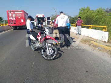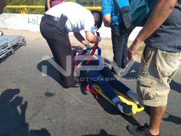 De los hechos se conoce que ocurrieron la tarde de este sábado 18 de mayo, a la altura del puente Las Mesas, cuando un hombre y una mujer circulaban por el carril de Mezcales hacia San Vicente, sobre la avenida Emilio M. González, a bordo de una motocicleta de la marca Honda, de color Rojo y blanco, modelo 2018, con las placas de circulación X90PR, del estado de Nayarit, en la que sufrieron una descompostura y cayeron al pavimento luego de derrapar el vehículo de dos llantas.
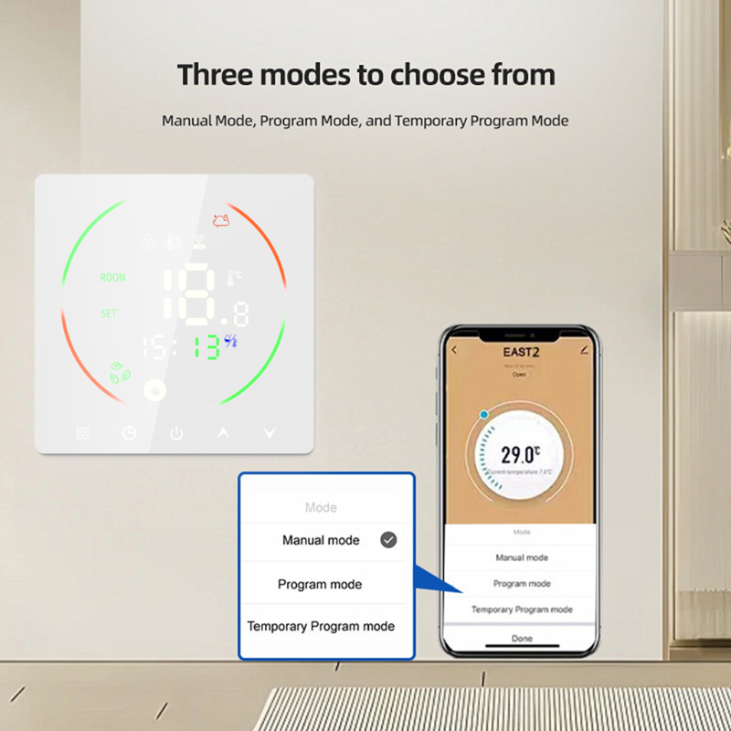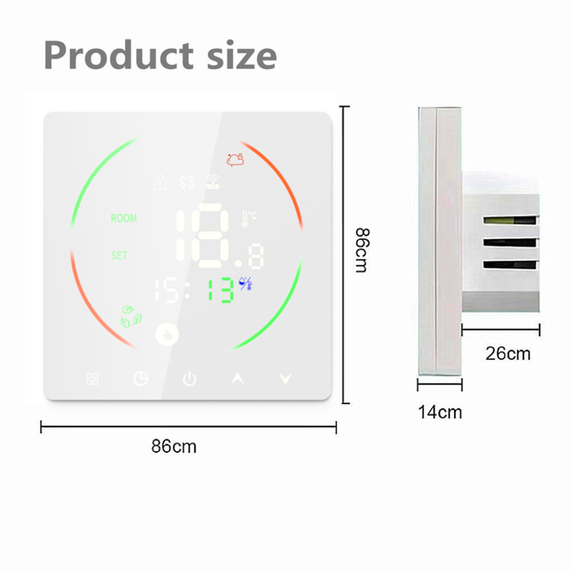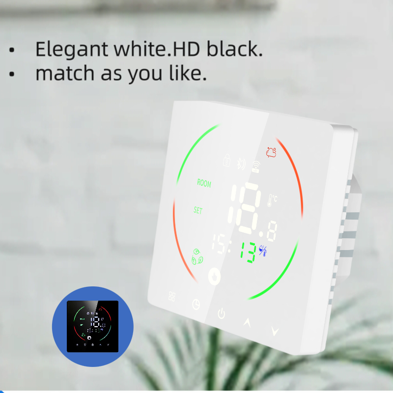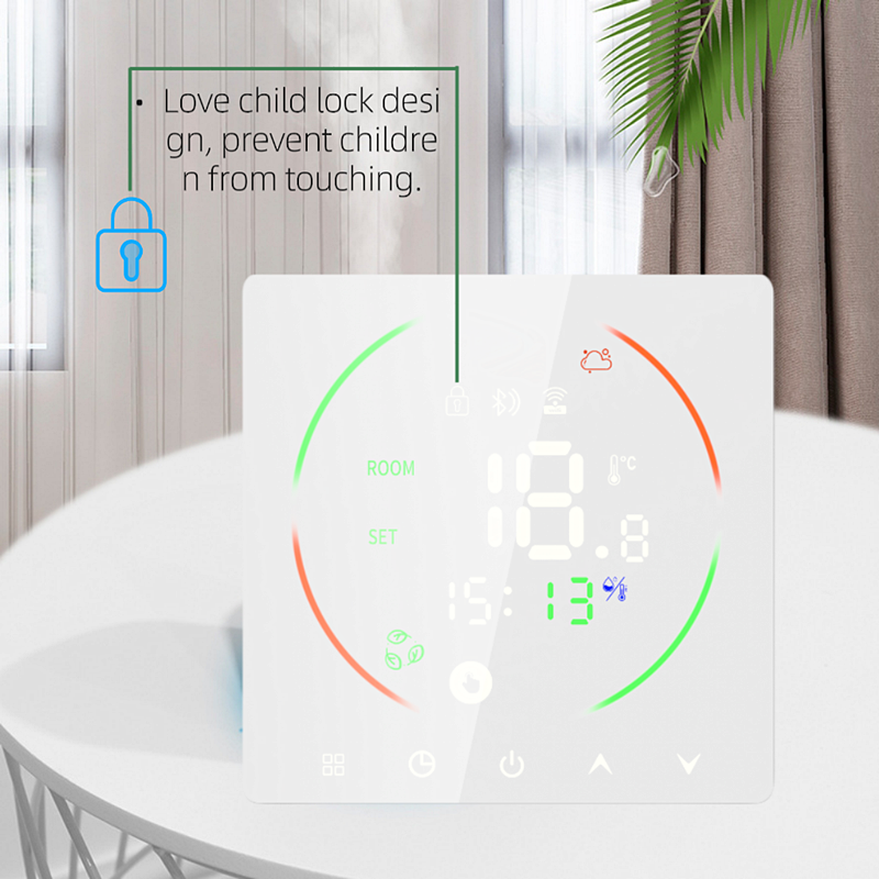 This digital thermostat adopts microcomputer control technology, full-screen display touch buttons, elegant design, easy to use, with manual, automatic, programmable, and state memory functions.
- - -
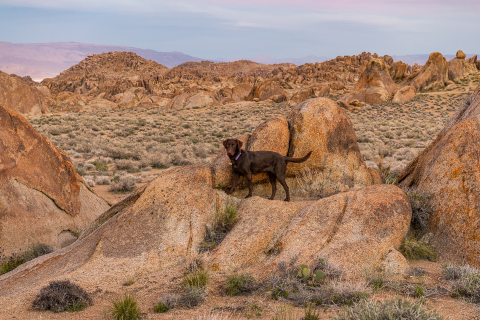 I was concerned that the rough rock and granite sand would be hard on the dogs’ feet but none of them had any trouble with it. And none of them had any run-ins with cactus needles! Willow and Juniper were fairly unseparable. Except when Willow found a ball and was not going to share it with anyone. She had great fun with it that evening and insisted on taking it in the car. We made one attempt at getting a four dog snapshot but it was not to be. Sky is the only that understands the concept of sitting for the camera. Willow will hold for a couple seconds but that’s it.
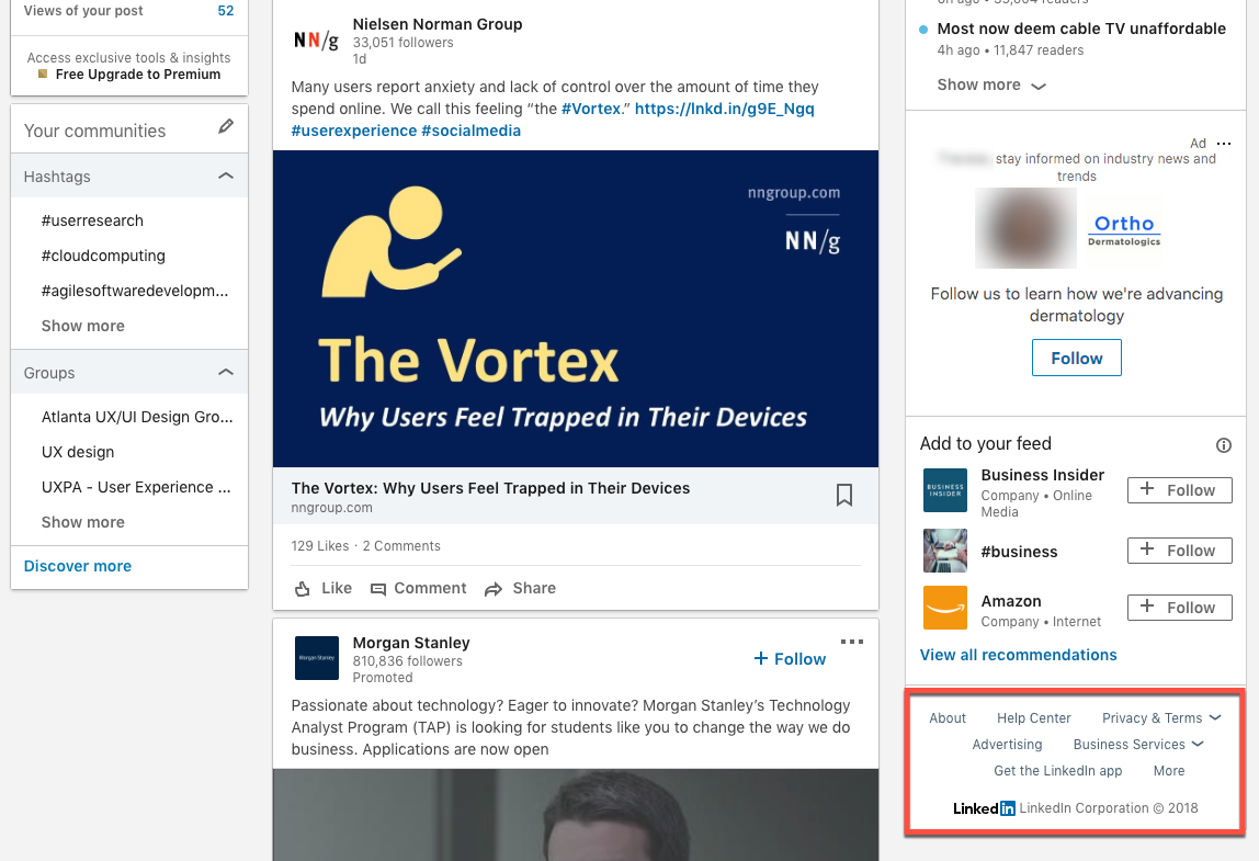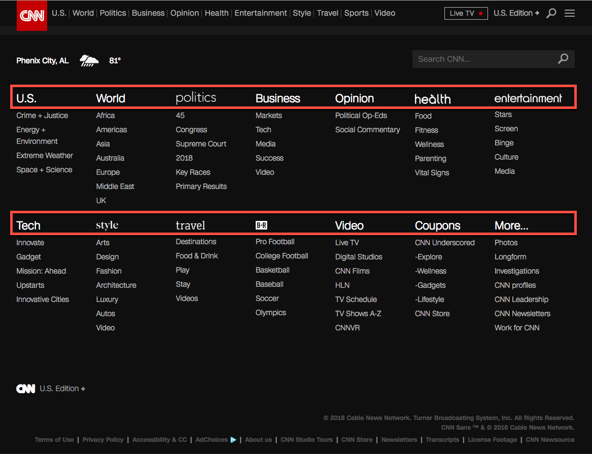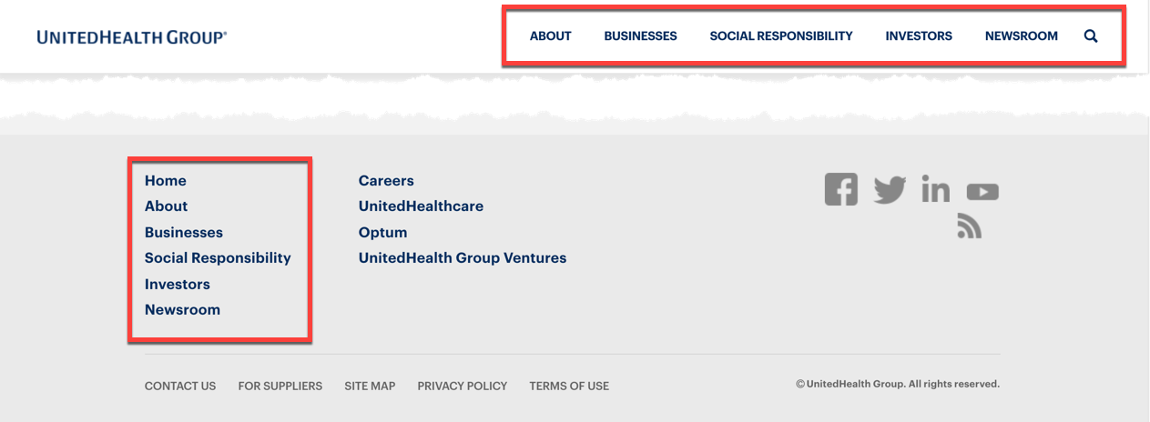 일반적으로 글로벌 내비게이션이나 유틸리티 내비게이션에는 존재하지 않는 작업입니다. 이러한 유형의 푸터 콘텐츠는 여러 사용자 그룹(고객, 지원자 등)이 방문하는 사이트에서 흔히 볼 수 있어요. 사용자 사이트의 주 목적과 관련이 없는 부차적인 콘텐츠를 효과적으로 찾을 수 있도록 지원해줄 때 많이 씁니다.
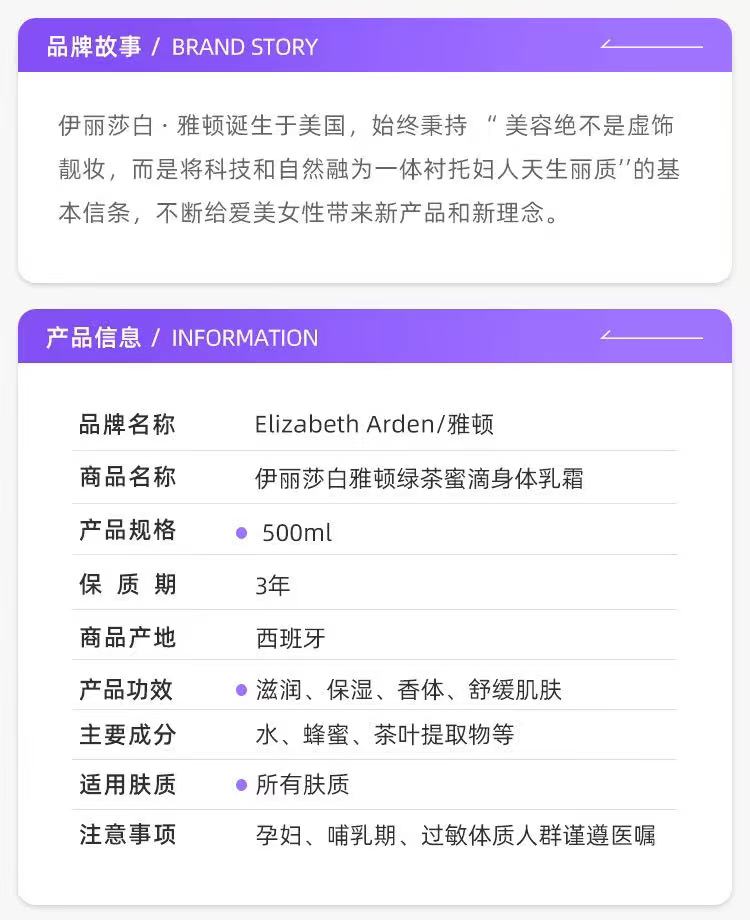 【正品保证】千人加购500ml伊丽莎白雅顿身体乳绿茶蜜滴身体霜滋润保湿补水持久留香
- - -
● Action item: Excerpt from the records above: set down only the lines from the one that contains "De los hechos" through the one that contains "This digital thermostat", inclusive, word for word. Pictures stay out.

● Answer for this exercise:
 De los hechos se conoce que ocurrieron la tarde de este sábado 18 de mayo, a la altura del puente Las Mesas, cuando un hombre y una mujer circulaban por el carril de Mezcales hacia San Vicente, sobre la avenida Emilio M. González, a bordo de una motocicleta de la marca Honda, de color Rojo y blanco, modelo 2018, con las placas de circulación X90PR, del estado de Nayarit, en la que sufrieron una descompostura y cayeron al pavimento luego de derrapar el vehículo de dos llantas.
 This digital thermostat adopts microcomputer control technology, full-screen display touch buttons, elegant design, easy to use, with manual, automatic, programmable, and state memory functions.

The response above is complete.